_Task to complete_:
Using the material below, repeat exactly the lines from the one with "L’aperçu affiche la" through the one with "場地共1000平米,分為一個", ends included, without any images.

_Input material_:

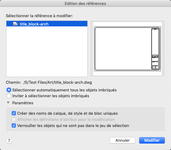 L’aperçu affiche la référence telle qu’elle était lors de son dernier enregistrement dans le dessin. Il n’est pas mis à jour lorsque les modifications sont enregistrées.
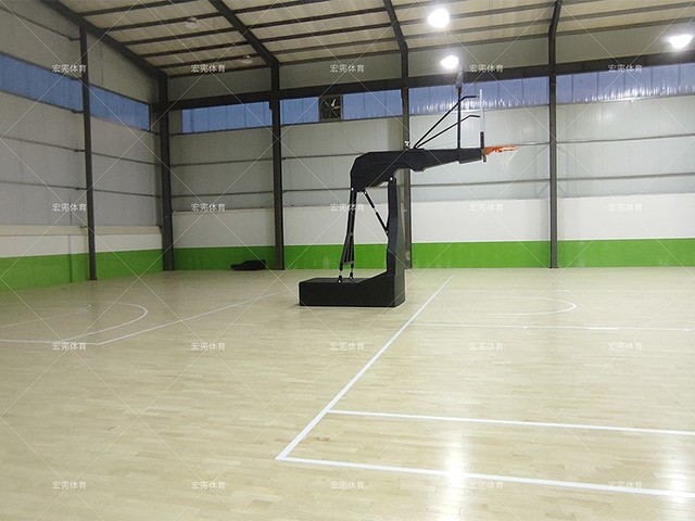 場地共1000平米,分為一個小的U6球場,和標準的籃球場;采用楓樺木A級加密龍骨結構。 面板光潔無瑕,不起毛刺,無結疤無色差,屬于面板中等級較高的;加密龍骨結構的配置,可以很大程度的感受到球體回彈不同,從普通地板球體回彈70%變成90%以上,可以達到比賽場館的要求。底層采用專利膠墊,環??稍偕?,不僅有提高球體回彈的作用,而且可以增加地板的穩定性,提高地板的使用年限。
==
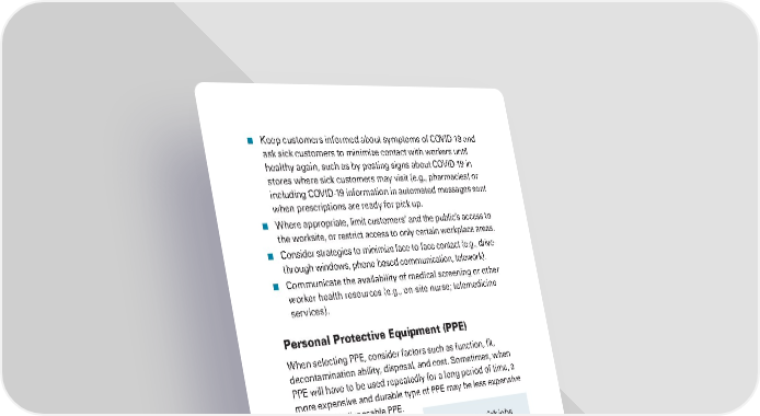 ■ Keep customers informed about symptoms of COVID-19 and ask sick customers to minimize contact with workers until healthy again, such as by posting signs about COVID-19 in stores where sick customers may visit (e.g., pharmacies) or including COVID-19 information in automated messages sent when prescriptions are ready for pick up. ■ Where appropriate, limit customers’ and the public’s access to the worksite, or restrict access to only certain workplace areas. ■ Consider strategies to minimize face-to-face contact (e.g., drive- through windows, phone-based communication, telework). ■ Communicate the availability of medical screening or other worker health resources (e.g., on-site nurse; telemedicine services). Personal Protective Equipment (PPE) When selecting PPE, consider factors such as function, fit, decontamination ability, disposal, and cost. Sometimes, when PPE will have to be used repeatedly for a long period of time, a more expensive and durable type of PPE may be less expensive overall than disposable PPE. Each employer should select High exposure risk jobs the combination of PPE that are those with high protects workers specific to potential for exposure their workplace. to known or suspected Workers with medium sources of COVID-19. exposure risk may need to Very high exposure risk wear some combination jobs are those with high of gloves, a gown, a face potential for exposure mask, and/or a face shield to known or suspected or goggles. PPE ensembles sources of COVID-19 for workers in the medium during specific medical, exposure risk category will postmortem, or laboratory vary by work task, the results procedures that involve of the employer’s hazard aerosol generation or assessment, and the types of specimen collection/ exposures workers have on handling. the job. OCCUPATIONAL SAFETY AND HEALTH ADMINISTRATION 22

_Exercise response_:
 L’aperçu affiche la référence telle qu’elle était lors de son dernier enregistrement dans le dessin. Il n’est pas mis à jour lorsque les modifications sont enregistrées.
 場地共1000平米,分為一個小的U6球場,和標準的籃球場;采用楓樺木A級加密龍骨結構。 面板光潔無瑕,不起毛刺,無結疤無色差,屬于面板中等級較高的;加密龍骨結構的配置,可以很大程度的感受到球體回彈不同,從普通地板球體回彈70%變成90%以上,可以達到比賽場館的要求。底層采用專利膠墊,環??稍偕?,不僅有提高球體回彈的作用,而且可以增加地板的穩定性,提高地板的使用年限。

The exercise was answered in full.